# Provided data
#####
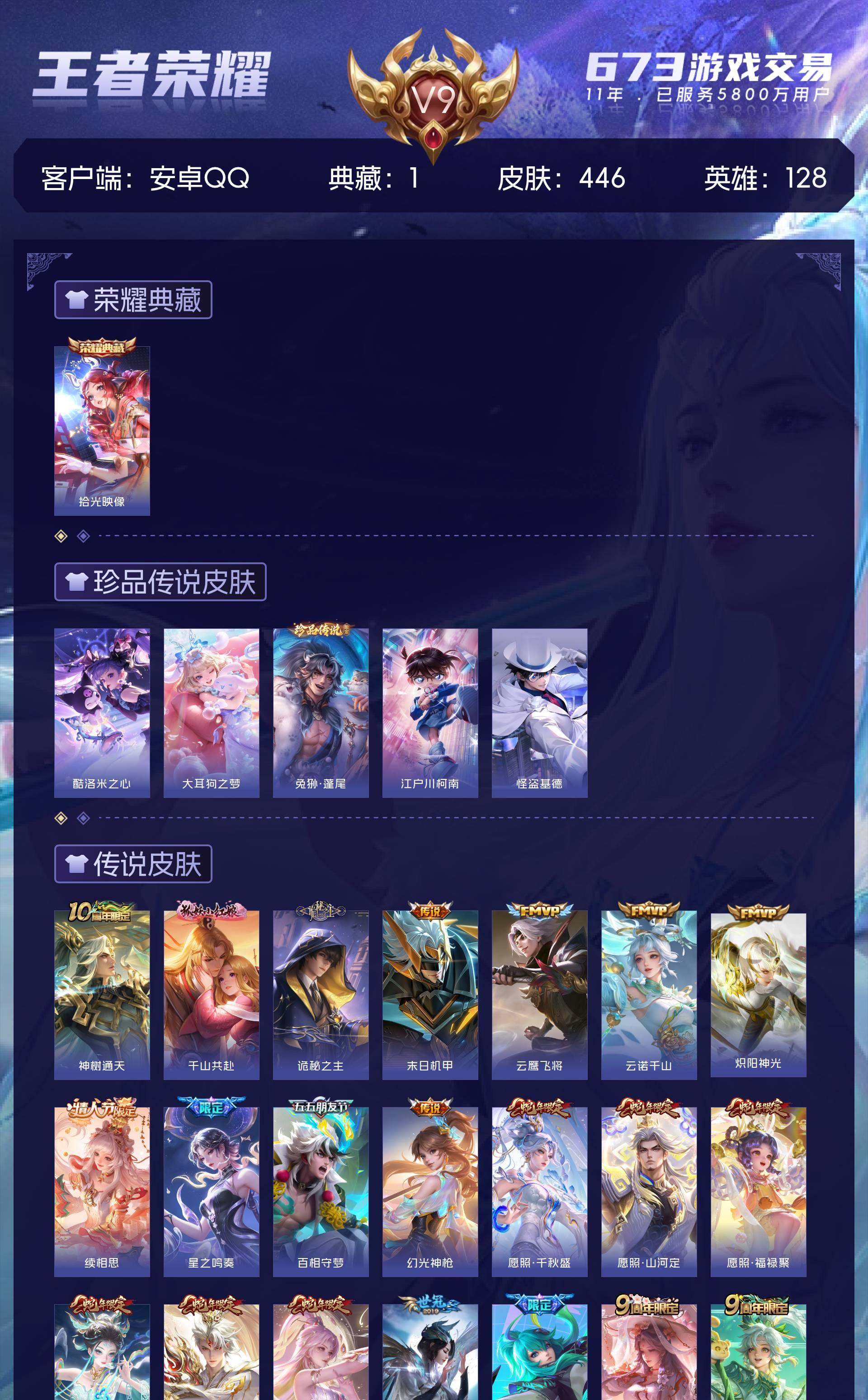 V9 皮肤446 英雄128 至尊星耀 荣耀典藏1 珍品传说5 传说37 其他皮肤407
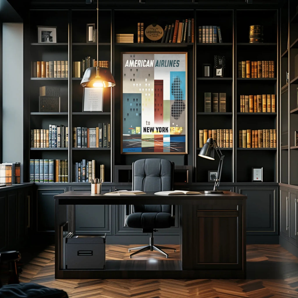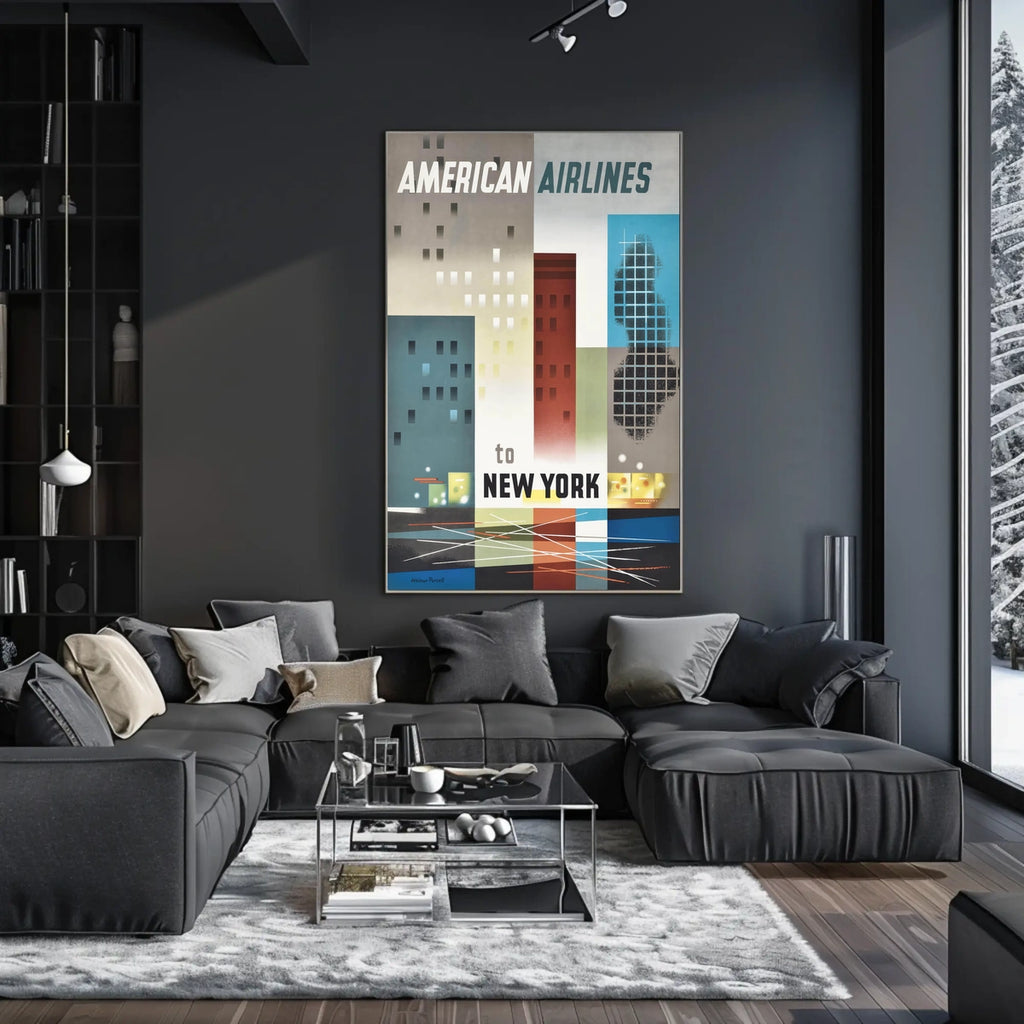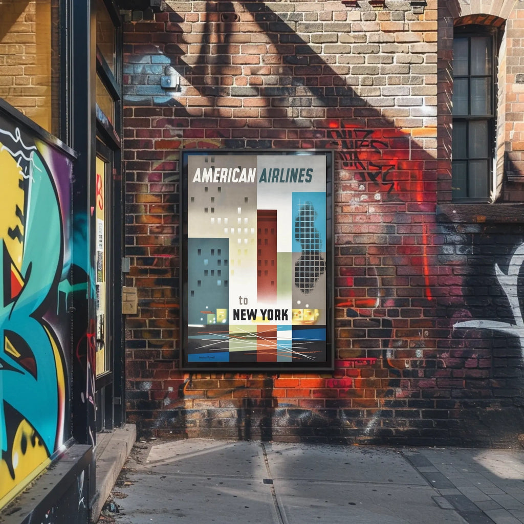 Step back to a golden era of air travel with this Vintage New York Travel Poster. Featuring an abstract, geometric cityscape and twinkling lights, it captures the energy of mid-20th-century routes and the lure of a bustling metropolis. A stylish accent for homes, studios, and offices alike.
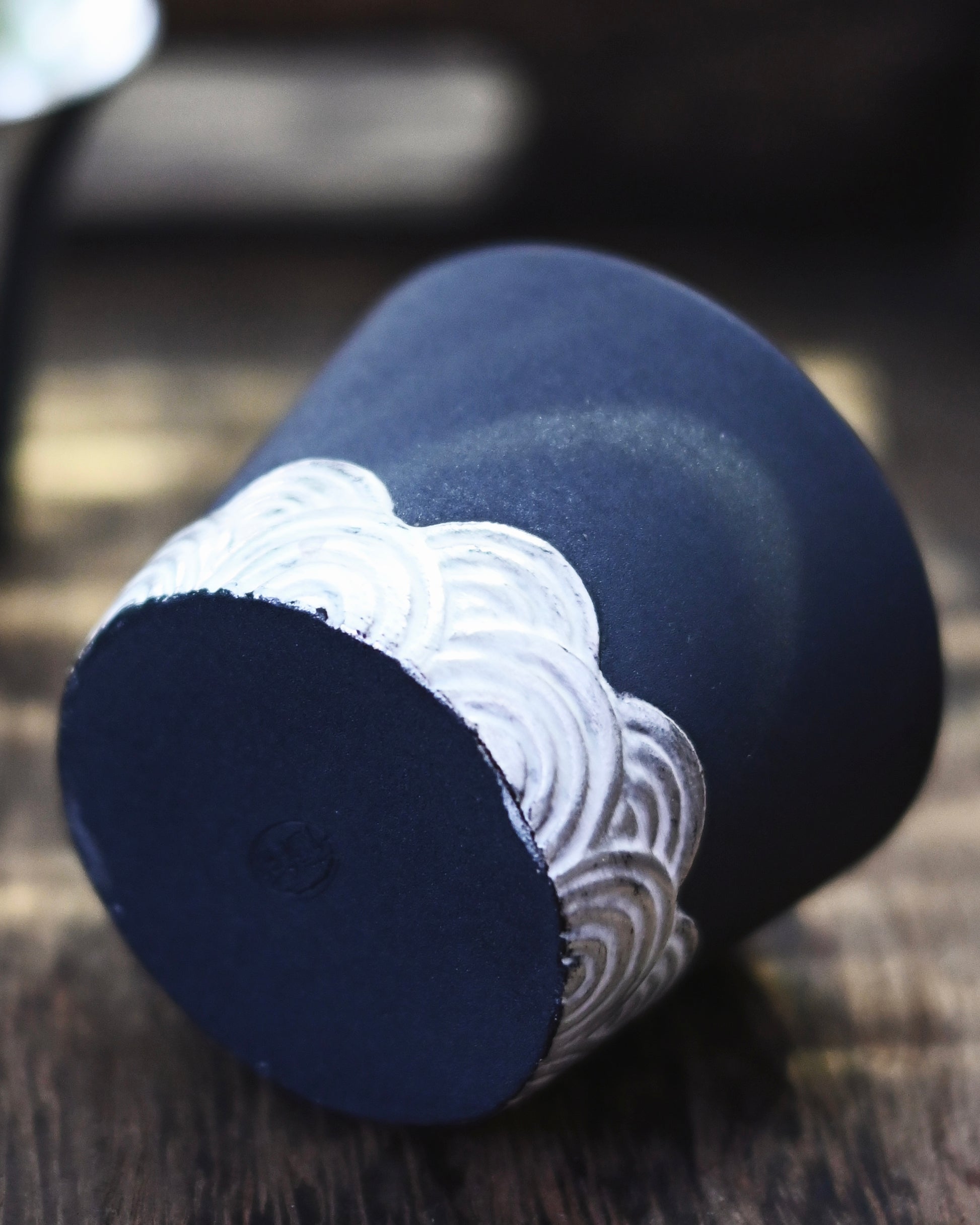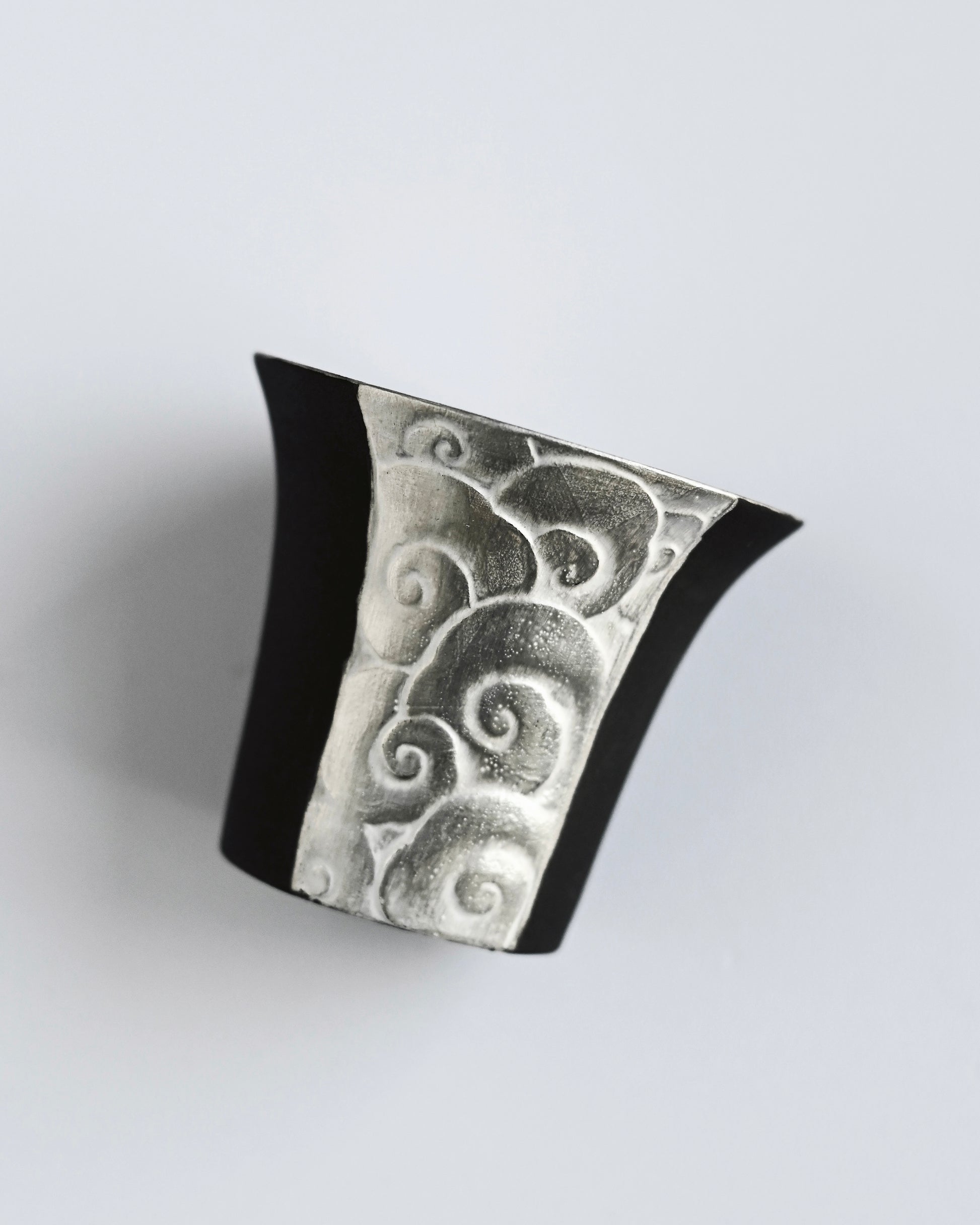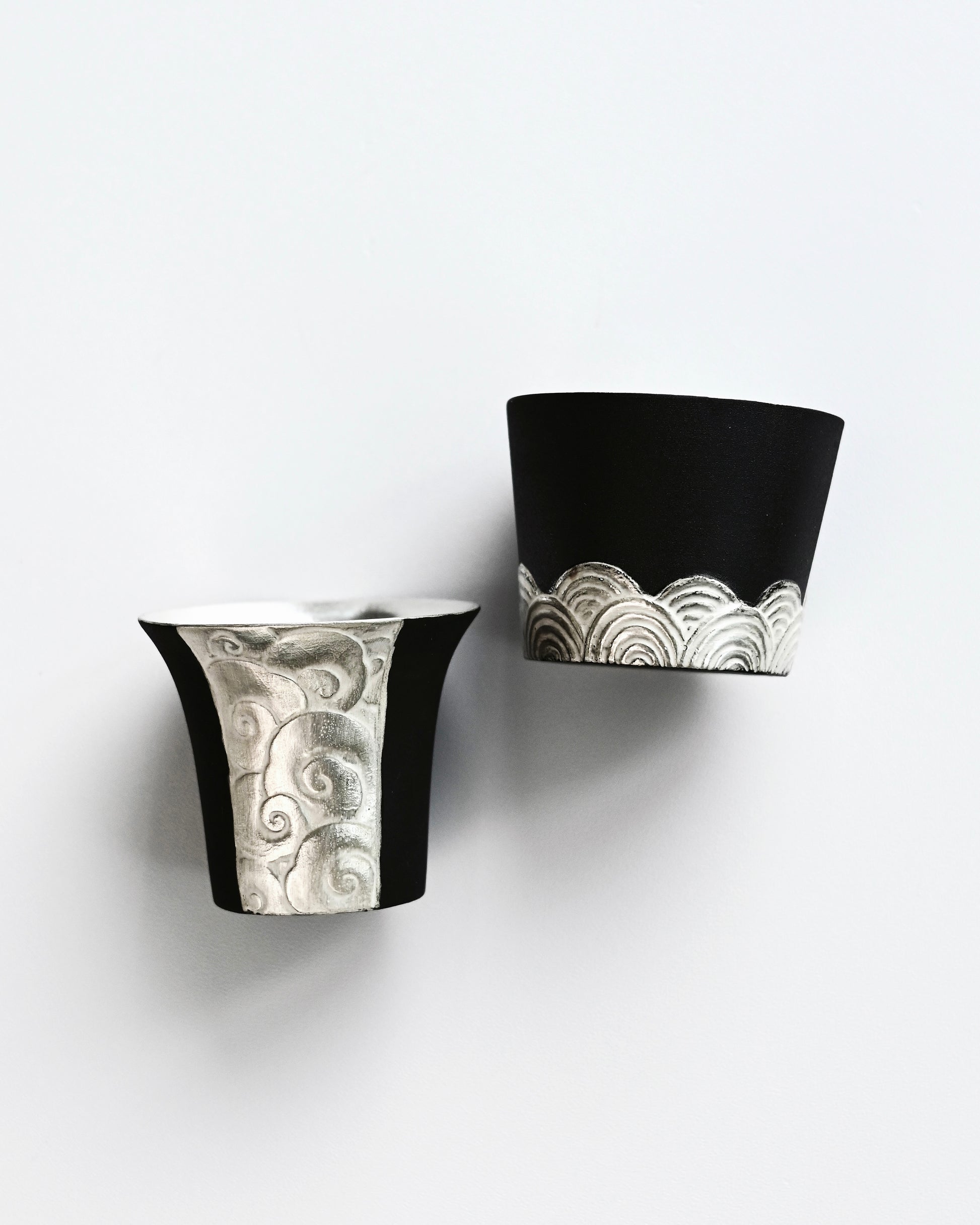 Exterior: Hand-painted waves and auspicious clouds in sterling silver flow across a matte black glaze
#####
# The problem
Write the data above out again exactly, minus its pictures.

# Task output
 V9 皮肤446 英雄128 至尊星耀 荣耀典藏1 珍品传说5 传说37 其他皮肤407
 Step back to a golden era of air travel with this Vintage New York Travel Poster. Featuring an abstract, geometric cityscape and twinkling lights, it captures the energy of mid-20th-century routes and the lure of a bustling metropolis. A stylish accent for homes, studios, and offices alike.
 Exterior: Hand-painted waves and auspicious clouds in sterling silver flow across a matte black glaze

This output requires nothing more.